Dès 1925, la chapelle porte le nom de « Salle du peuple » sur différents plans.

 

 

En 1937, une transformation en bourse du travail est envisagée. Un dossier très fourni, constitué d’un ensemble de plans, délibérations, devis et estimatifs, vient à l’appui du projet. S’il avait été mené a bien, la chapelle aurait donc servi de siège des différents syndicats de la ville. Le nom donné à la salle à l’époque : « salle du Peuple », pourrait corroborer un aboutissement du projet.

 

 

 

 

Un second projet, non daté, prévoyait quant à lui l’aménagement de la chapelle en un gymnase municipal. Le dossier en question comporte un plan et une vue de la façade.

 

 

 

 

 

 

Certains témoignages confirment l’aménagement du gymnase, ce dernier aurait fonctionné jusque dans les années 1980. D’autres évoquent un foyer où les jeunes gens de la ville se rassemblaient, foyer connu sous le nom de « Salle du Peuple », comme nous pouvons le retrouver sur certains plans.

 

L’ancienne chapelle des Manosques est restée nommée « salle du Peuple » jusqu’en 1980, date à laquelle elle a bénéficié d’une restauration.

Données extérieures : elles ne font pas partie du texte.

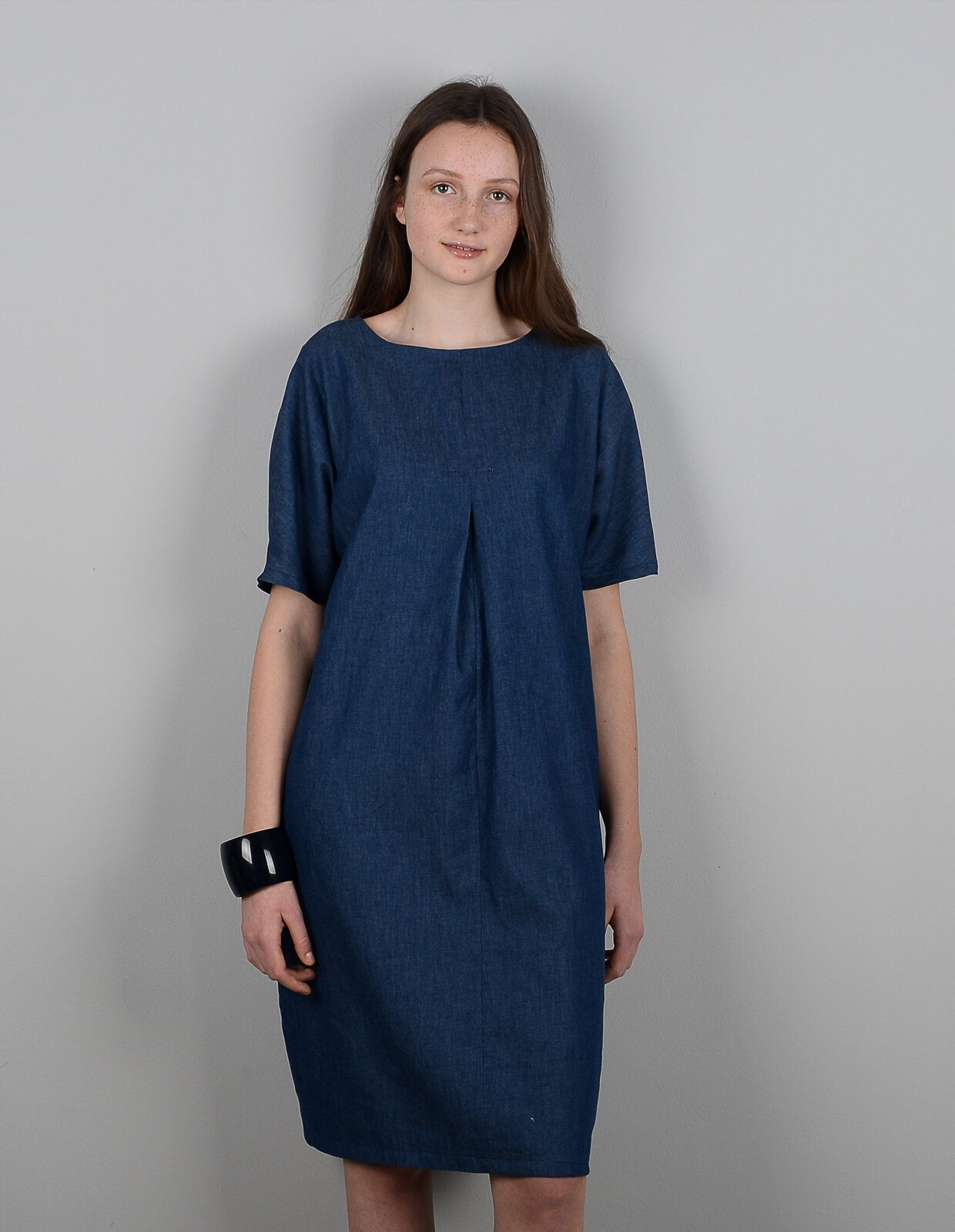 A beautifully understated dress and top, with the sleeves and body cut as one. The inverted pleat at centre front and back, flatters most body shapes.
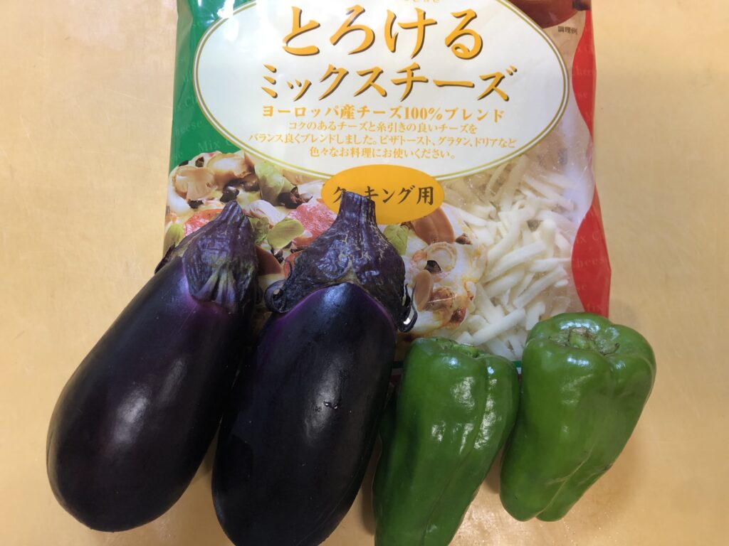 まずは、今日の戦士たちをご紹介。ナスとピーマン、そして秘密兵器のチーズです。
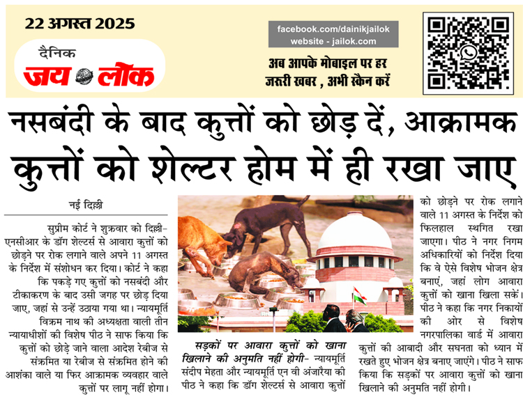 नसबंदी के बाद कुत्तों को छोड़ दें, आक्रामक कुत्तों को शेल्टर होम में ही रखा जाए

Ces aménagements ont permis la création de la salle d’exposition actuelle ainsi que l’installation du service culturel au premier étage du Bocal, bâtiment voisin de la chapelle.7

Des invitations à des expositions se tenant à l’espace « Louis Feuillade » existent dès 1983. C’est donc entre 1980 et 1983, lors de son inauguration sous le mandat d’Élie Rauzier, que le nom de Louis Feuillade a été attribué à la nouvelle salle d’exposition et que l’ancienne chapelle des Sœurs de la Présentation a obtenu sa fonction actuelle.

 

 



 

14M8, « Couvent de la Présentation : enseignantes, installation, 1853-1854, plan, 1856. », Archives de Lunel.

21N3 : plan du couvent dans le dossier de vente des terrains -Vente des terrains de l'ancien couvent des Manosques, 1920

 

31M2 : « Mise à disposition auprès de la Jeunesse laïque, 1911 », Archives de Lunel.

41M3 : « Bains-douches, construction, 1914-1925 ; Fonctionnement et règlement de l'établissement, 1924-1933 », Archives de Lunel.

51M1 : « Projet de construction d'un hôtel de ville dans l'immeuble des Manosques, 1911 », Archives de Lunel.

6Blog de l’exposition : « Mémoire des pierres, empreinte des règles, 2010 », http://lunel-pierre-empreinte.blogspot.com/, consulté le 21/09/2022.

707 K3, « Salles expo », Archives de Lunel.